* **The data**
══════

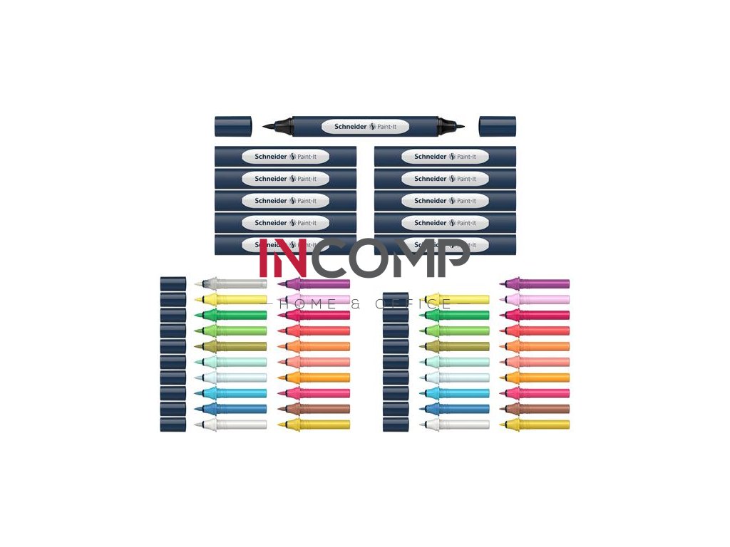 Popisovač, obojstranný, 52-kusová sada, SCHNEIDER „Paint-It 040 Twin marker Set 1”, 20 rôznych farieb
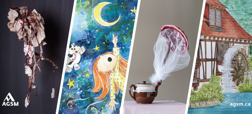 images, left to right: Alexandra Ross, Arrival Root (2021) Mixed media; Cyndi Wiebe, Onward (2021), Watercolour and pen on paper; Kelly Klick, Herbal Persuasion (2021), Brown Betty teapot, wire, cord, wool, beads, veil; Kelly Muray, Waterwheel (2021) Watercolour on paper.
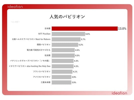 「最も魅力的だったパビリオン」について聴取したところ、日本館が13.0%と最も評価が高く、2位以下に大差をつける結果となりました。

══════

* **Work item**
Would you reproduce each line of the material exactly, omitting the images?

* **Output below**
 Popisovač, obojstranný, 52-kusová sada, SCHNEIDER „Paint-It 040 Twin marker Set 1”, 20 rôznych farieb
 images, left to right: Alexandra Ross, Arrival Root (2021) Mixed media; Cyndi Wiebe, Onward (2021), Watercolour and pen on paper; Kelly Klick, Herbal Persuasion (2021), Brown Betty teapot, wire, cord, wool, beads, veil; Kelly Muray, Waterwheel (2021) Watercolour on paper.
 「最も魅力的だったパビリオン」について聴取したところ、日本館が13.0%と最も評価が高く、2位以下に大差をつける結果となりました。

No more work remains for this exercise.